▶ **Problem description**
Omit every picture while you reproduce the entries that follow word for word.
+ + +
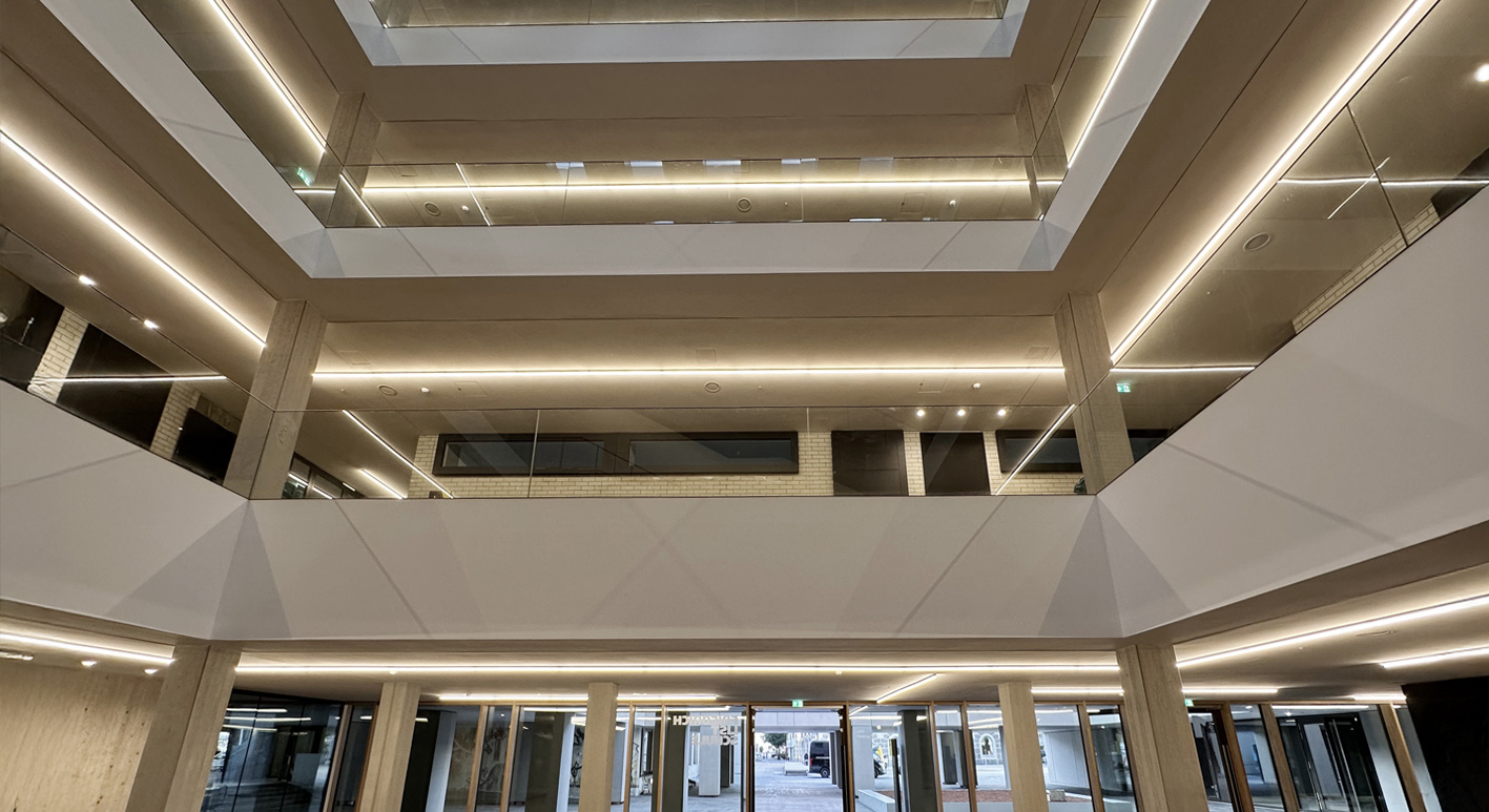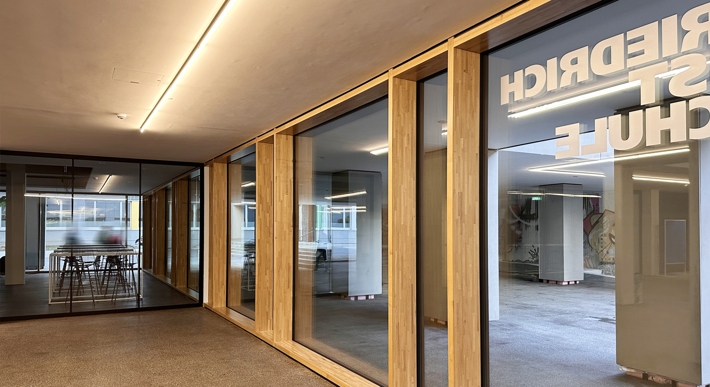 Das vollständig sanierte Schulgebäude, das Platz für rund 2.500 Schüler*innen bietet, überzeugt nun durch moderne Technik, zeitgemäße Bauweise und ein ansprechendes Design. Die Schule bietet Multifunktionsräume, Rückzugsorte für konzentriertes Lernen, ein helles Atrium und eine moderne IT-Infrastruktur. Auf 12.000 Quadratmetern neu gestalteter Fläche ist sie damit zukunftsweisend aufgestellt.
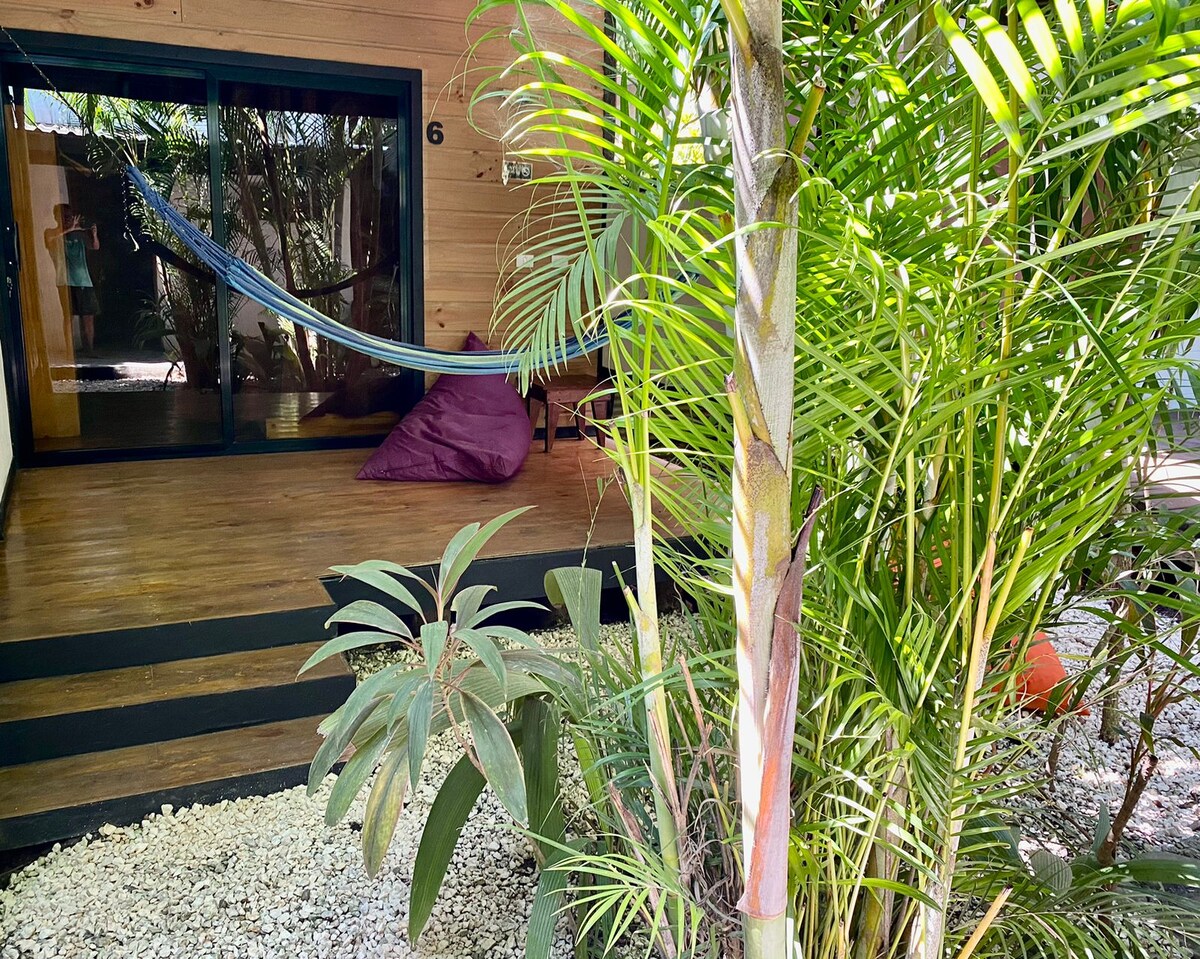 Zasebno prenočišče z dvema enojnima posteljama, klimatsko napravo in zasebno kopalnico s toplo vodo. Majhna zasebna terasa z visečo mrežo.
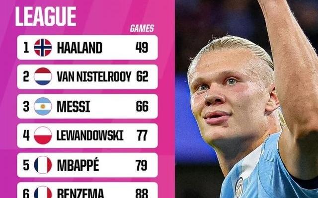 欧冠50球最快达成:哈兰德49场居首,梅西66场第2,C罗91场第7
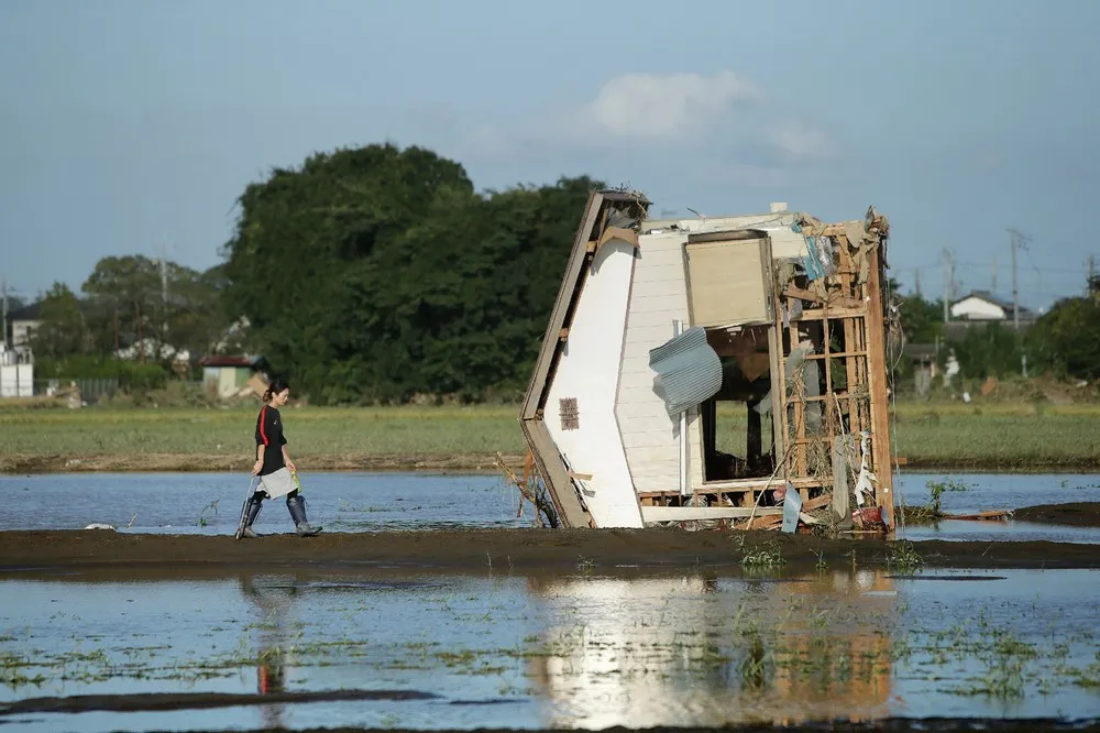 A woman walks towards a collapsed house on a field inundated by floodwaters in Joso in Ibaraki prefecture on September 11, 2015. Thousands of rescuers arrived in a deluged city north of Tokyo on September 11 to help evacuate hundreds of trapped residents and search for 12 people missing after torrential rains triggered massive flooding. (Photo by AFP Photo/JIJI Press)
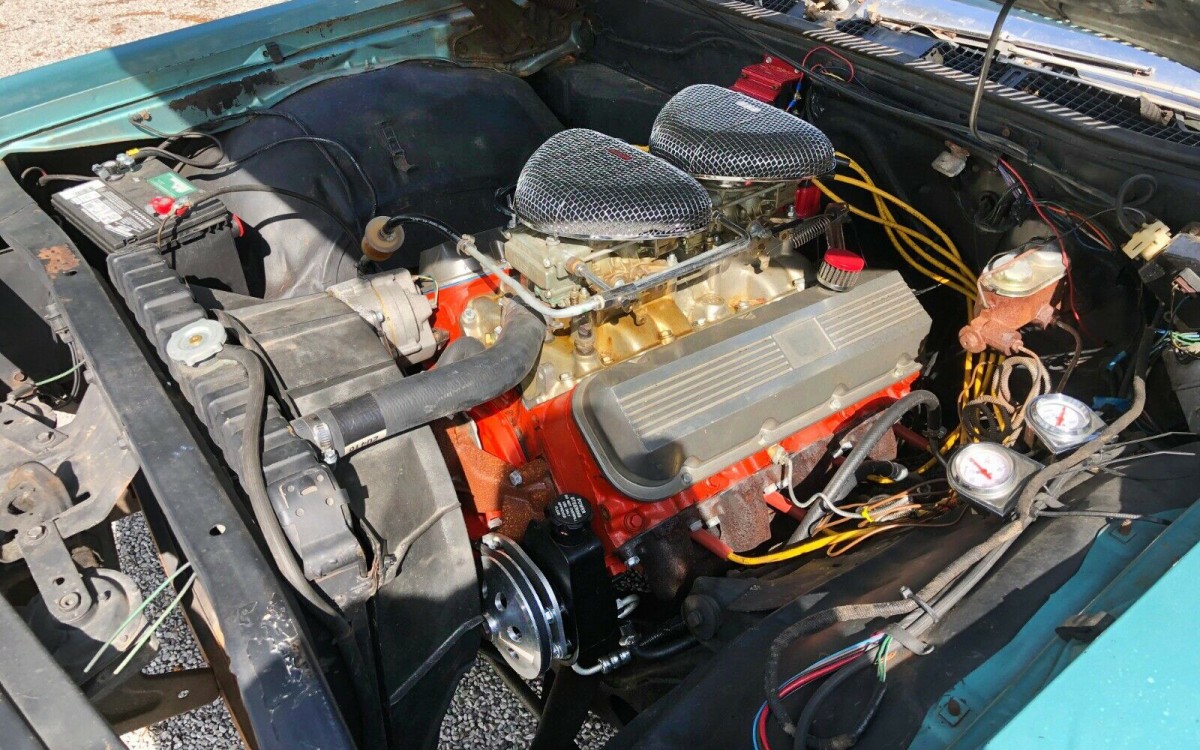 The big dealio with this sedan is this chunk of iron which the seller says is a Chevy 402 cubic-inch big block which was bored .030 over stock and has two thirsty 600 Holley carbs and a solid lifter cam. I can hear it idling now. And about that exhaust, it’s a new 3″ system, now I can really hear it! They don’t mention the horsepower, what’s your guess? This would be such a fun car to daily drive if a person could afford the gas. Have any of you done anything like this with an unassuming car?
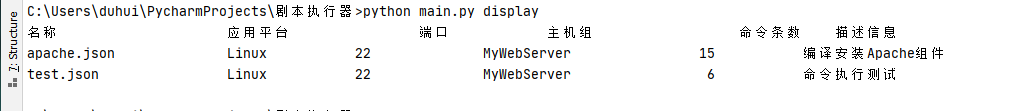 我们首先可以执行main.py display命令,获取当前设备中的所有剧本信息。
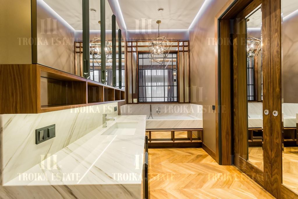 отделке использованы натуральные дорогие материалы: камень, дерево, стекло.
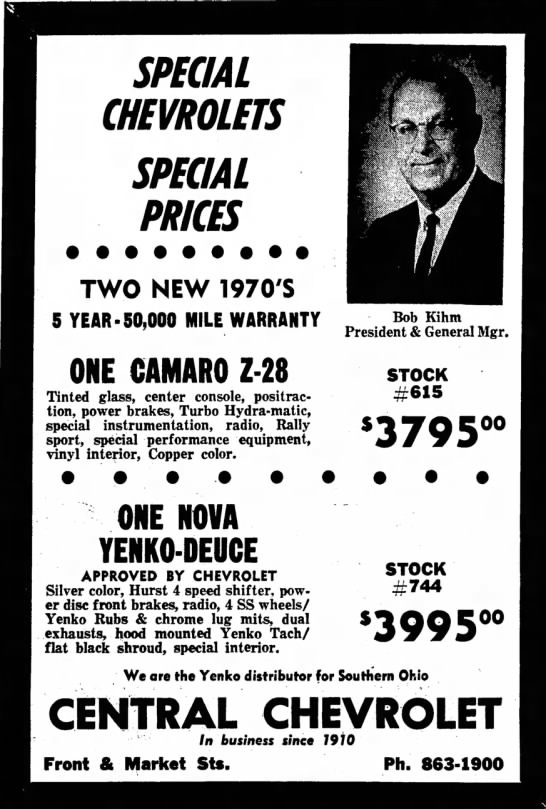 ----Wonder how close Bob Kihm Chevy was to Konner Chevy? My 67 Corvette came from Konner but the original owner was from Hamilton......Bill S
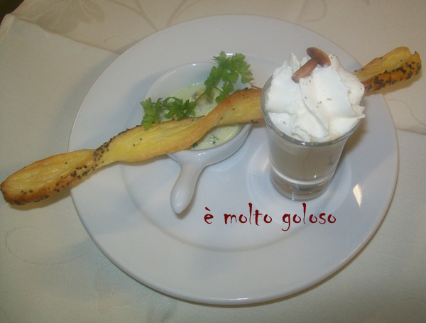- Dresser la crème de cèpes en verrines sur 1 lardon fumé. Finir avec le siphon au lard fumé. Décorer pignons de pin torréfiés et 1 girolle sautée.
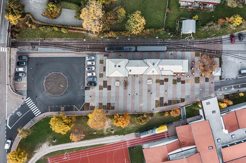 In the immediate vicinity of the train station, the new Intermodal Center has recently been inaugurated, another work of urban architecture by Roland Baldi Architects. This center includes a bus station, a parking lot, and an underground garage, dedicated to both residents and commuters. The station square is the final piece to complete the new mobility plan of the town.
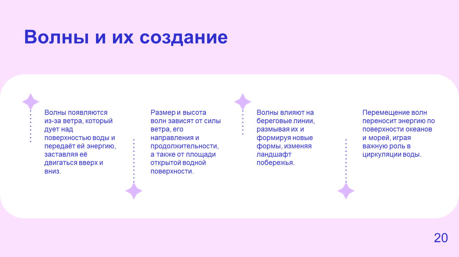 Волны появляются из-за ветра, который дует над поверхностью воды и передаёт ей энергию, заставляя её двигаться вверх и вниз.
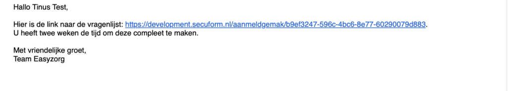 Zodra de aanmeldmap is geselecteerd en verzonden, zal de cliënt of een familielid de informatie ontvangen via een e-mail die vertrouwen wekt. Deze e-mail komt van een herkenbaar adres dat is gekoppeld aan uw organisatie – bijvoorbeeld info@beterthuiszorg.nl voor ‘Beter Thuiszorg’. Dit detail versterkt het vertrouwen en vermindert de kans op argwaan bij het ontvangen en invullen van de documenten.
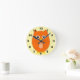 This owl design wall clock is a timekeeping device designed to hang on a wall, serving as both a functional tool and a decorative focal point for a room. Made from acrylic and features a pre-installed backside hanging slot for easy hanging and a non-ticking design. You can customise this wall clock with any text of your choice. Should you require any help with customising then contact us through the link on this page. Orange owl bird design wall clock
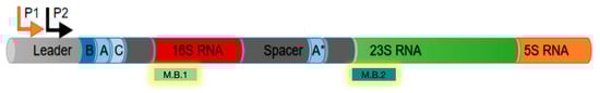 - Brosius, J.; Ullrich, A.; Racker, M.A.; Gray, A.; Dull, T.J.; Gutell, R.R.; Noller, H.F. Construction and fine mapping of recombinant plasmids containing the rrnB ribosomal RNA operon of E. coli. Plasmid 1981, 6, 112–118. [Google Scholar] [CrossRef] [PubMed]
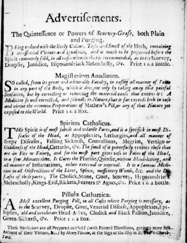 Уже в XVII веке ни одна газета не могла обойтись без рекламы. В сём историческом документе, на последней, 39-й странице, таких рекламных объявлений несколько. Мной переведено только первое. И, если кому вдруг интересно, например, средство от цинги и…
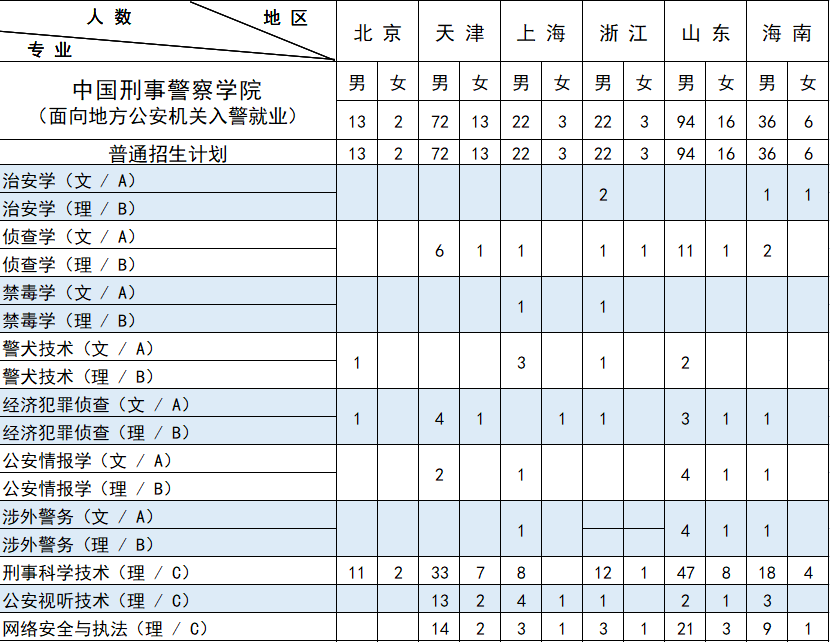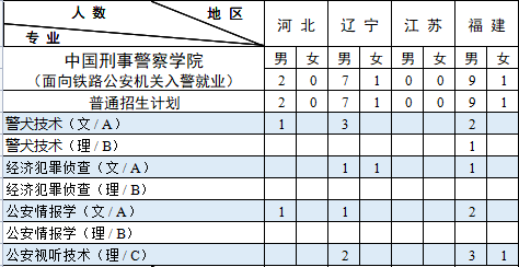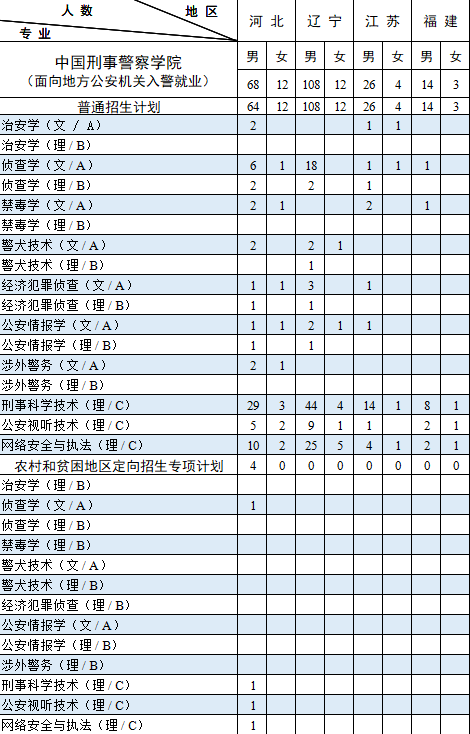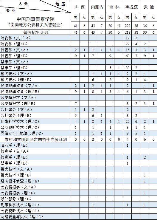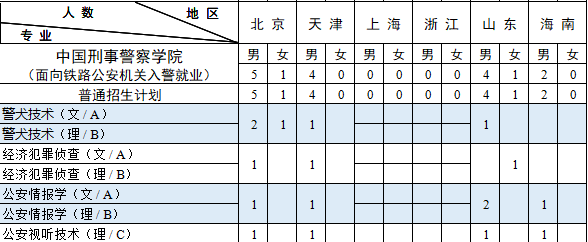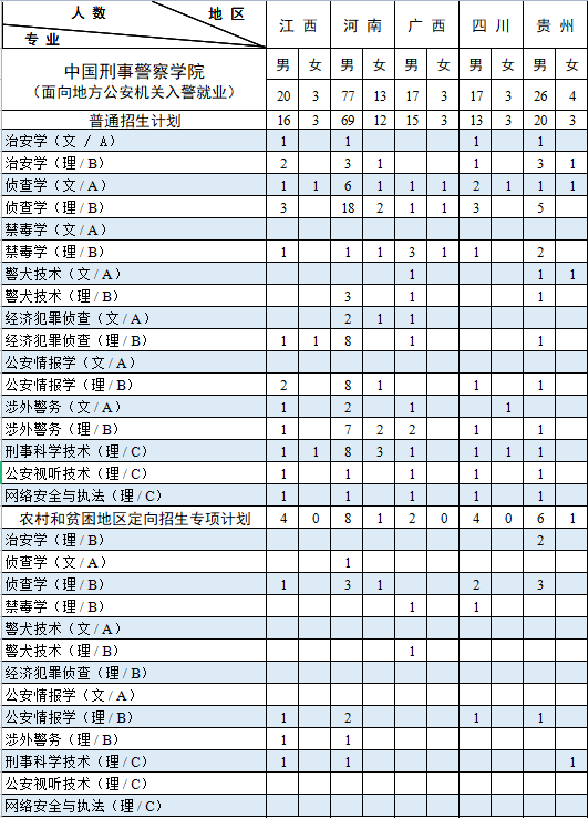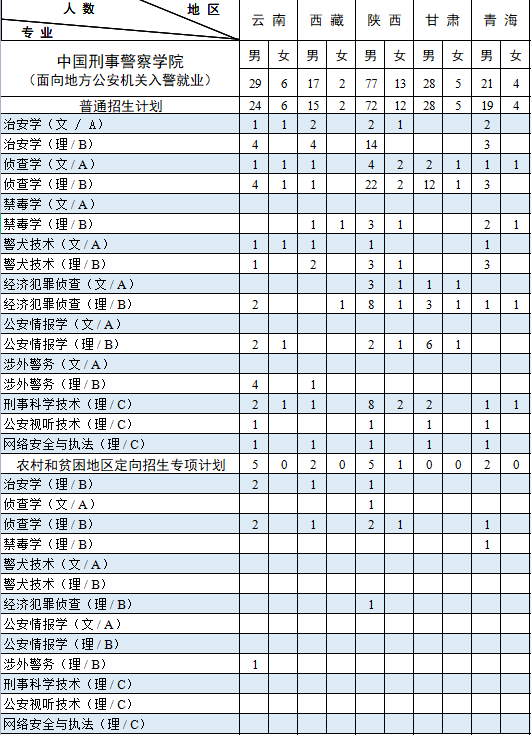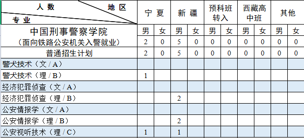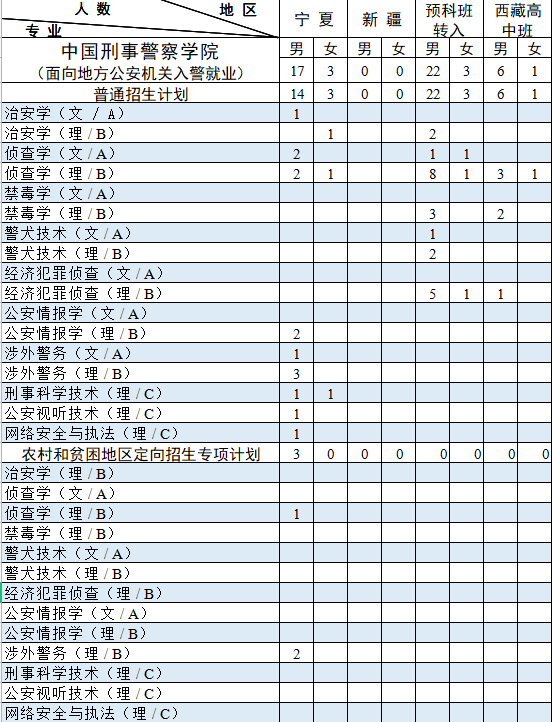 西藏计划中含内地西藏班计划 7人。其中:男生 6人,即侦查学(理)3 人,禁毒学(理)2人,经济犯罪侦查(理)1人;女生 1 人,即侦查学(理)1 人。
+ + +
▶ **Reply**
 Das vollständig sanierte Schulgebäude, das Platz für rund 2.500 Schüler*innen bietet, überzeugt nun durch moderne Technik, zeitgemäße Bauweise und ein ansprechendes Design. Die Schule bietet Multifunktionsräume, Rückzugsorte für konzentriertes Lernen, ein helles Atrium und eine moderne IT-Infrastruktur. Auf 12.000 Quadratmetern neu gestalteter Fläche ist sie damit zukunftsweisend aufgestellt.
 Zasebno prenočišče z dvema enojnima posteljama, klimatsko napravo in zasebno kopalnico s toplo vodo. Majhna zasebna terasa z visečo mrežo.
 欧冠50球最快达成:哈兰德49场居首,梅西66场第2,C罗91场第7
 A woman walks towards a collapsed house on a field inundated by floodwaters in Joso in Ibaraki prefecture on September 11, 2015. Thousands of rescuers arrived in a deluged city north of Tokyo on September 11 to help evacuate hundreds of trapped residents and search for 12 people missing after torrential rains triggered massive flooding. (Photo by AFP Photo/JIJI Press)
 The big dealio with this sedan is this chunk of iron which the seller says is a Chevy 402 cubic-inch big block which was bored .030 over stock and has two thirsty 600 Holley carbs and a solid lifter cam. I can hear it idling now. And about that exhaust, it’s a new 3″ system, now I can really hear it! They don’t mention the horsepower, what’s your guess? This would be such a fun car to daily drive if a person could afford the gas. Have any of you done anything like this with an unassuming car?
 我们首先可以执行main.py display命令,获取当前设备中的所有剧本信息。
 отделке использованы натуральные дорогие материалы: камень, дерево, стекло.
 ----Wonder how close Bob Kihm Chevy was to Konner Chevy? My 67 Corvette came from Konner but the original owner was from Hamilton......Bill S
- Dresser la crème de cèpes en verrines sur 1 lardon fumé. Finir avec le siphon au lard fumé. Décorer pignons de pin torréfiés et 1 girolle sautée.
 In the immediate vicinity of the train station, the new Intermodal Center has recently been inaugurated, another work of urban architecture by Roland Baldi Architects. This center includes a bus station, a parking lot, and an underground garage, dedicated to both residents and commuters. The station square is the final piece to complete the new mobility plan of the town.
 Волны появляются из-за ветра, который дует над поверхностью воды и передаёт ей энергию, заставляя её двигаться вверх и вниз.
 Zodra de aanmeldmap is geselecteerd en verzonden, zal de cliënt of een familielid de informatie ontvangen via een e-mail die vertrouwen wekt. Deze e-mail komt van een herkenbaar adres dat is gekoppeld aan uw organisatie – bijvoorbeeld info@beterthuiszorg.nl voor ‘Beter Thuiszorg’. Dit detail versterkt het vertrouwen en vermindert de kans op argwaan bij het ontvangen en invullen van de documenten.
 This owl design wall clock is a timekeeping device designed to hang on a wall, serving as both a functional tool and a decorative focal point for a room. Made from acrylic and features a pre-installed backside hanging slot for easy hanging and a non-ticking design. You can customise this wall clock with any text of your choice. Should you require any help with customising then contact us through the link on this page. Orange owl bird design wall clock
 - Brosius, J.; Ullrich, A.; Racker, M.A.; Gray, A.; Dull, T.J.; Gutell, R.R.; Noller, H.F. Construction and fine mapping of recombinant plasmids containing the rrnB ribosomal RNA operon of E. coli. Plasmid 1981, 6, 112–118. [Google Scholar] [CrossRef] [PubMed]
 Уже в XVII веке ни одна газета не могла обойтись без рекламы. В сём историческом документе, на последней, 39-й странице, таких рекламных объявлений несколько. Мной переведено только первое. И, если кому вдруг интересно, например, средство от цинги и…
 西藏计划中含内地西藏班计划 7人。其中:男生 6人,即侦查学(理)3 人,禁毒学(理)2人,经济犯罪侦查(理)1人;女生 1 人,即侦查学(理)1 人。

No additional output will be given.